第3章 分野別に見た外交


(2)平和構築委員会

 現在、いったん和平が達成された紛争の約半数において、5年以内に新たな紛争が勃発していると言われており、紛争状態の解決から復旧、社会復帰、復興に至るまでの一貫したアプローチの必要性が国際社会の共通した認識となっている。このような問題意識を背景として、9月の「成果文書」の中で、紛争後の平和構築と復旧のための統合戦略を助言及び提案する仕組みとして、2005年末までに平和構築委員会を設立することが合意されるとともに、常設の平和構築基金を設置することが事務総長に要請された。

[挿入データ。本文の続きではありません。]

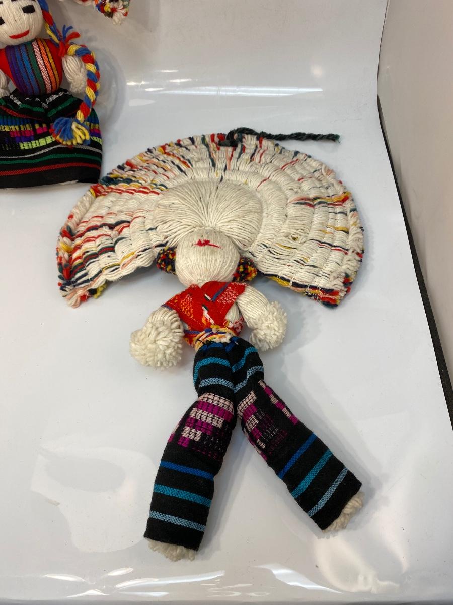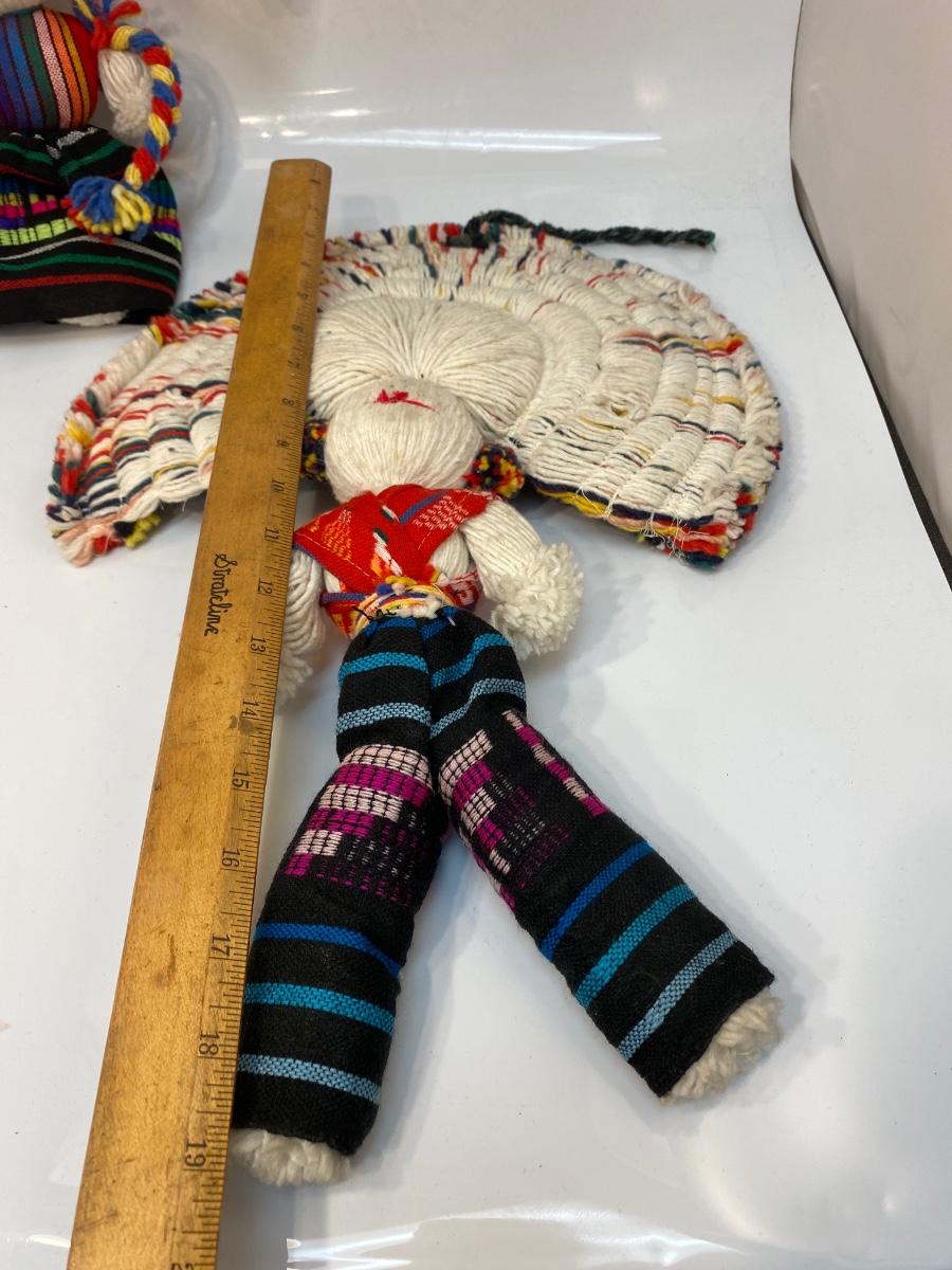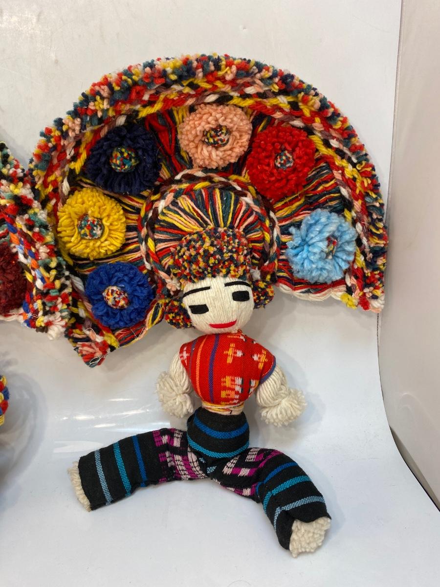 Pair of Colorful Ethnic Mexican Traditional Hand Made Vacation Souvenir Yarn Dolls

 この合意に基づき、具体的な活動態様やメンバー構成等を定めるために加盟国間の協議が行われた結果、12月20日、安保理及び総会により、平和構築委員会の設置に関する決議案がそれぞれ採択された。この決議では、平和構築委員会のメンバー構成は、(1)安全保障理事会から7か国、(2)経済社会理事会から7か国(3)国連への財政貢献上位10か国から5か国、(4)PKO等への要員派遣上位10か国から5か国、(5)その他地域バランス等を考慮して総会より選ばれる7か国-の計31か国とされ、また、常設の平和構築基金の設置も盛り込まれた。

 平和構築委員会は、日本が提唱する「平和の定着」構想や、「人間の安全保障」(参照)の概念と軌を一にするものであり、日本としては、経験と持てる力を最大限利用して、平和構築委員会の活動に積極的に参加していく考えである。